Listing ID: 69880
Repeat Clientele | Great Location | Multitude of Services Offered
Highly desirable NWA chiropractic facility with excellent 20+ year established clientele. This practice has a great reputation in the area and is poised to continue to grow with the expansion the local region is experiencing. With the benefits of multiple modalities being offered, the clientele come to appreciate the holistic approach to wellness and healing.
This business has a great history of success with decades of experience backing their reputation. Yet, it’s retirement time for the current owner and an incredible opportunity to operate this standalone chiropractic practice as it is now, or a great location to add to the growing medicine market.
Services offered by this business are multi-disciplined and include acupuncture, physicals, adjustments, headache treatments, alternative healthcare, fertility treatments, massage therapy, advanced decompression therapy, and many more.
- Asking Price: $425,000
- Cash Flow: $161,138
- Gross Revenue: $1,030,119
- EBITDA: N/A
- FF&E: $137,418
- Inventory: $6,800
- Inventory Included: Yes
- Established: N/A
Owner willing to train for negotiable timeframe
The deal shall include inventory valued at $6,800, which is included in the suggested price.
Why is the Current Owner Selling The Business?

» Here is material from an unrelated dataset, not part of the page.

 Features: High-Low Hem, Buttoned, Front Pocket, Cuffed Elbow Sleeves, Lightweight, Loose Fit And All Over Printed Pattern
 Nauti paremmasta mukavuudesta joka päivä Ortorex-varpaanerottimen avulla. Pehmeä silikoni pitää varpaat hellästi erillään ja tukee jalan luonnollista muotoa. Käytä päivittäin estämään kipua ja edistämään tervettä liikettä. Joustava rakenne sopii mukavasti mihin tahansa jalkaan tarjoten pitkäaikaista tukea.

There are all kinds of reasons why people decide to sell companies. However, the true reason and the one they say to you may be 2 completely different things. As an example, they might state "I have way too many various obligations" or "I am retiring". For numerous sellers, these reasons are valid. But, for some, these might simply be excuses to try to conceal the reality of altering demographics, increased competitors, recent decrease in profits, or a range of other factors. This is why it is extremely crucial that you not rely completely on a seller's word, however rather, utilize the vendor's answer along with your total due diligence. This will paint a much more realistic picture of the business's present circumstance.

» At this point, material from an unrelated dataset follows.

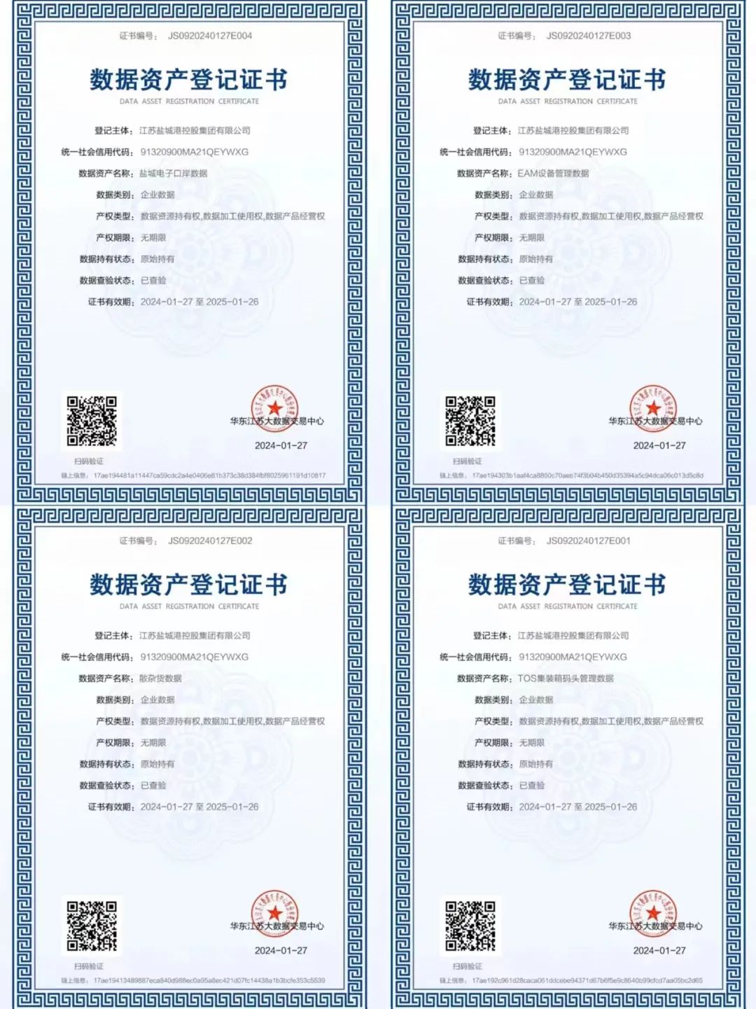 日前,鹽城港集團(tuán)順利完成集裝箱碼頭生產(chǎn)操作系統(tǒng)(TOS)、電子口岸系統(tǒng)、港機(jī)設(shè)備物資管理系統(tǒng)(EAM)、散雜貨生產(chǎn)管理系統(tǒng)(MES)數(shù)據(jù)資產(chǎn)質(zhì)量評(píng)價(jià)及價(jià)值評(píng)估,并獲得《數(shù)據(jù)資產(chǎn)登記證書》,成為鹽城市首批完成數(shù)據(jù)資產(chǎn)登記的企業(yè)之一,也是全國首個(gè)港口企業(yè)數(shù)據(jù)資源入表案例。

Existing Debts and Future Obligations
If the current business is in debt, which many companies are, then you will certainly need to consider this when valuating/preparing your deal. Lots of operating businesses finance loans in order to cover points like stock, payroll, accounts payable, and so on. Bear in mind that in some cases this can indicate that revenue margins are too thin. Many companies fall under a revolving door of taking on debt as a way to pay back various other loans. In addition to debts, there may additionally be future obligations to consider. There may be an outstanding lease on equipment or the building where the business resides. The business may have existing contracts with suppliers that have to be met or may result in charges if terminated early.
Understanding the Customer Base, Competition and Area Demographics
Exactly how do operating businesses in the area draw in brand-new consumers? Often times, businesses have repeat consumers, which form the core of their day-to-day earnings. Particular factors such as brand-new competition growing up around the location, roadway building and construction, as well as personnel turnover can impact repeat clients as well as negatively influence future earnings. One essential thing to think about is the placement of the business. Is it in a very trafficked shopping mall, or is it concealed from the highway? Certainly, the more people that see the business regularly, the higher the opportunity to develop a returning client base. A last thought is the basic location demographics. Is the business placed in a densely inhabited city, or is it situated on the outskirts of town? Exactly how might the regional typical household earnings impact future revenue prospects?